Angst vor der Eiszeit:
Jerusalem fürchtet um seine Sonderbeziehung zu Washington

Von Thorsten Schmitz

Jerusalem - Ariel Scharon wird von den USA mit hoch gezogenen Augenbrauen beobachtet, von Republikanern wie von Demokraten. Sie misstrauen dem israelischen Premierminister auf Grund seiner kompromisslosen Haltung gegenüber den Palästinensern. Bereits die Clinton-Regierung hatte ihre Schwierigkeiten mit Scharon. Sie missbilligte sein "arrogantes" Verhalten gegenüber Palästinenserpräsident Jassir Arafat sowie seine unglückselige Bemerkung über die Furcht vor einem muslimischen "Groß-Albanien". 

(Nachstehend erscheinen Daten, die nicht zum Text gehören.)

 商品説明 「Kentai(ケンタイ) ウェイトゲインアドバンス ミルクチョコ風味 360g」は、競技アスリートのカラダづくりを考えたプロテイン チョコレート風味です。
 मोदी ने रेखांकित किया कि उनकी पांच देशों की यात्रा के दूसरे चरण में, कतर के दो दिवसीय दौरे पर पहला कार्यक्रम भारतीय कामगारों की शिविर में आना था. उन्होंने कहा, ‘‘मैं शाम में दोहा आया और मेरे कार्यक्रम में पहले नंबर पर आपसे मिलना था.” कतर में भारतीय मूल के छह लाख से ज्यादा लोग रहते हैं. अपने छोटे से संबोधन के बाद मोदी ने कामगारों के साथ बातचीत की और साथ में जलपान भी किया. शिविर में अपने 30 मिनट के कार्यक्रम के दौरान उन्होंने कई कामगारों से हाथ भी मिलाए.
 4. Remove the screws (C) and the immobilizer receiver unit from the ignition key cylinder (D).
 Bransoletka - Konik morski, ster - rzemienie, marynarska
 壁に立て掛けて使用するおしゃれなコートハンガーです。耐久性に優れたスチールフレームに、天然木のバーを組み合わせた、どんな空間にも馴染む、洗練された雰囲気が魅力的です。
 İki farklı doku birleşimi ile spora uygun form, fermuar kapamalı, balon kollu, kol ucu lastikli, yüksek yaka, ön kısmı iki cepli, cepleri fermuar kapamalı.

Auch der frühere US-Präsident George Bush, der Vater des heutigen, machte aus seiner Abneigung gegenüber Scharon keinen Hehl und bereitete ihm im Mai 1991 als Wohnungsbauminister einen kühlen Empfang. Scharon gilt bis heute als der Bauherr jüdischer Siedlungen und als der für den Libanon-Krieg verantwortliche General.

Der neue US-Präsident George W. Bush versucht zwar, Scharon gegenüber vorbehaltloser aufzutreten. In der Nacht von Scharons Wahlsieg rief ihn Bush noch auf dessen Autotelefon an und gratulierte, obwohl "Bush auch noch nach 24 Stunden hätte gratulieren können", wie Scharon-Vertraute stolz erzählen. Allerdings scheint die Schonzeit gegenüber Israel nur von kurzer Dauer gewesen zu sein. Als Scharon zum Antrittsbesuch in Washington erschien, war der Empfang professionell - aber wenig herzlich. In Sorge über eine Eintrübung der amerikanisch-israelischen Beziehungen wähnten manche israelische Medien schon den Beginn einer "Eiszeit".

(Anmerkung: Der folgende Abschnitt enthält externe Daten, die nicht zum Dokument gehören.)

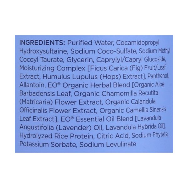 ingredients : purified water;cocamidopropyl hydroxysultaine;sodium coco-sulfate;sodium methyl cocoyl taurate;glycerin;caprylyl/capryl glucoside;moisturizing complex [ficus carica;fig;fruit/leaf extract;humulus lupulus;hops;extract];panthenol;allantoin;eo® organic herbal blend [organic aloe barbadensis leaf;organic chamomilla recutita;matricaria;flower extract;organic calandula officinalis flower extract;organic camellia sinensis leaf extract];eo® essential oil blend [lavandula angustifolia;lavender;oil;lavand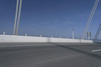 A view of a highway bridge on a clear day, with azure sky and contrails overhead. The road is made of asphalt and concrete, with black and grey lines marking the lanes. The bridge is composed of metal and stands tall against the horizon. In the foreground, there are poles parallel to the road. The image captures the motion blur of the vehicles on the road. The overall composition represents the modern infrastructure and engineering prowess.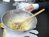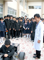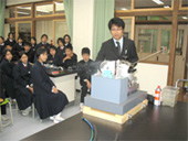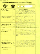 実験後にグループ内で課題,改善点を話し合わせ,次時の活動の参考とさせる。また,実験に対する科学的な視点での考察,技能としての改善点だけでなく,「総合的な学習の時間」の視点から,実用化していくためにはどんな点を改善していけばよいのか,実社会の中で生かせることはないのかといった社会的な視点にたった(現実を見つめた)考察をさせていく。 |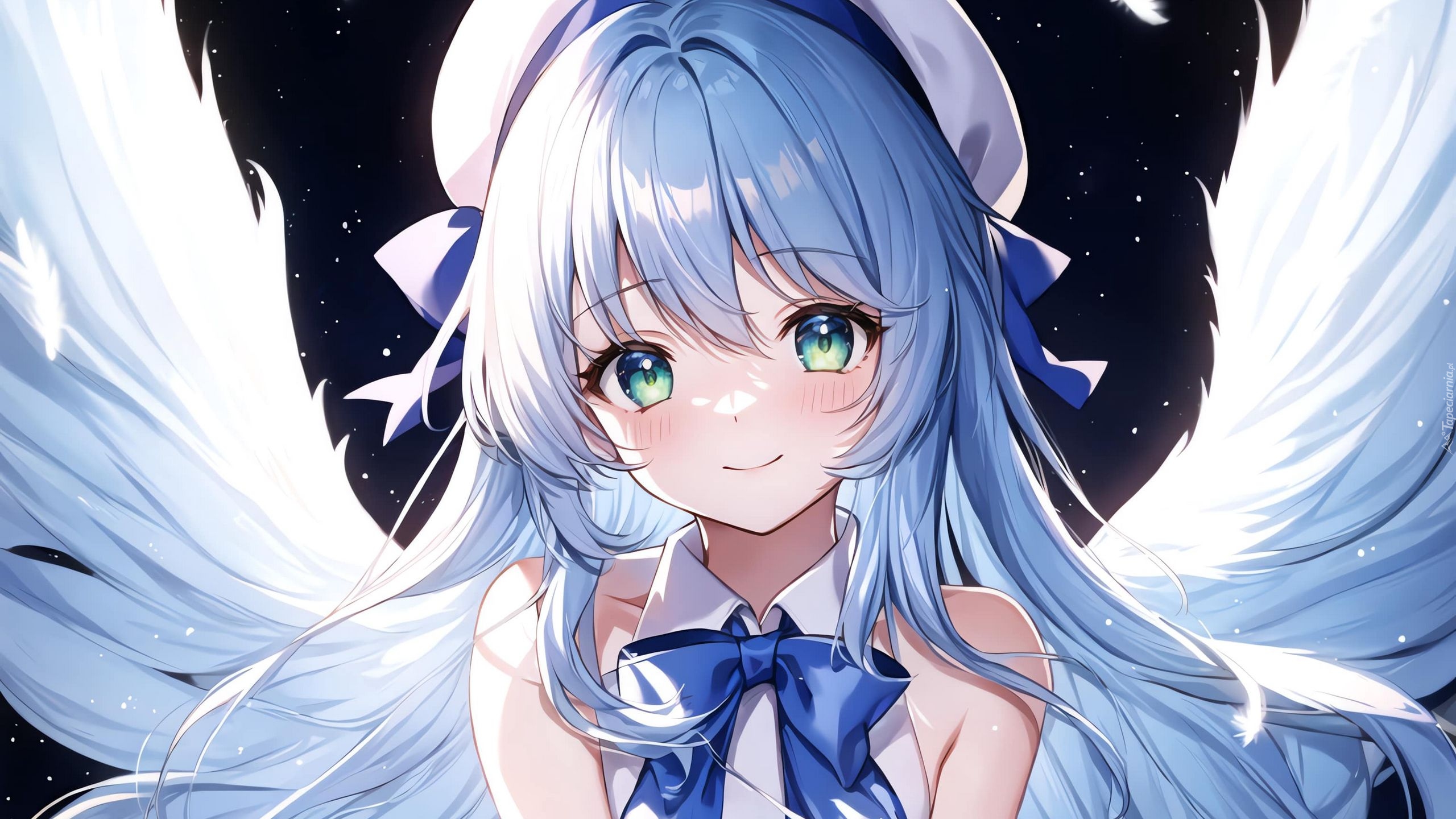 Edytor tapety: Zielonooka dziewczyna ze skrzydłami w anime

Geradezu geschockt haben Medien und auch die israelische Regierung auf die harte Kritik von US-Außenminister Colin Powell reagiert. Dieser hatte kürzlich den zweimaligen Einmarsch israelischer Truppen in palästinensisches Autonomiegebiet als "unverhältnismäßig" und "exzessiv" bezeichnet. Mit solchen Worten hatte eine US-Regierung Israel zuletzt in den frühen achtziger Jahren kritisiert. Powell läutete eine neue Ära in den israelisch-amerikanischen Beziehungen ein. In den acht Jahren der Clinton-Regierung hatte sich Jerusalem stets auf die Unterstützung der Amerikaner verlassen können. Bush versucht nach Ansicht israelischer Beobachter nun, die Balance wiederherzustellen, die vor allem in den letzten Monaten der Clinton-Regierung zu Ungunsten der Palästinenser abhanden gekommen war. Die USA versuchten, "gerechter" im Nahost- Konflikt aufzutreten, heißt es. Von den Palästinensern wird das begrüßt. Powells Kritik am Einmarsch in Gaza empfanden sie als "richtig, wenn auch zu spät".

Andererseits verübeln die Palästinenser den USA das Veto im Sicherheitsrat gegen die Entsendung von UN-Truppen in die Palästinensergebiete. Arafat hatte sich einen US-Präsidenten erhofft, der seine Seite stärker berücksichtigen würde. In den Palästinensergebieten werden schon wieder US- Flaggen verbrannt und die Amerikaner als "Freunde der Zionisten" verschmäht. Arafat, der von Powell ebenfalls klar aufgefordert wurde, die Gewalt einzudämmen, hofft unterdessen, von Bush ins Weiße Haus eingeladen zu werden. Doch der lässt Arafat schmoren. Israel sieht das mit Genugtuung.

Vakuum nach dem Wechsel

Premier Scharon ist der Ansicht, der Nahost-Konflikt lasse sich nicht unter Moderation der USA lösen. Palästinenser und Israelis müssten direkt verhandeln. Washington jedoch will das Vakuum nach dem Präsidentenwechsel durch stärkere Einflussnahme füllen. Der zurückgetretene Sondergesandte und Nahost-Experte Dennis Ross soll nach israelischen Medienberichten demnächst durch den arabisch sprechenden Edward Djerejian ersetzt werden, einen der Bush-Familie nahe stehenden Nahost-Experten. Die Scharon-Regierung sieht das mit Argwohn. Ein Sprecher erklärte: "Wir sind der Auffassung, dass wir direkt mit den Palästinensern verhandeln müssen, um die Gewalt zu beenden. Wir befürchten, dass mit einem Sondergesandten die Palästinenser erneut nur mit den USA reden werden, anstatt mit uns."

Bush hat den ägyptisch-jordanischen Friedensfahrplan als nützliche Hilfe gepriesen. Scharon dagegen lehnt den Vorschlag ab. Der Plan sieht unter anderem vor, dass sich die israelische Armee aus palästinensischem Gebiet zurückzieht und dass die wirtschaftliche Blockade aufgehoben wird. Im Gegenzug soll Arafat ein Gewalt-Moratorium verkünden und mit Israel innerhalb eines Jahres einen Endstatus-Vertrag aushandeln.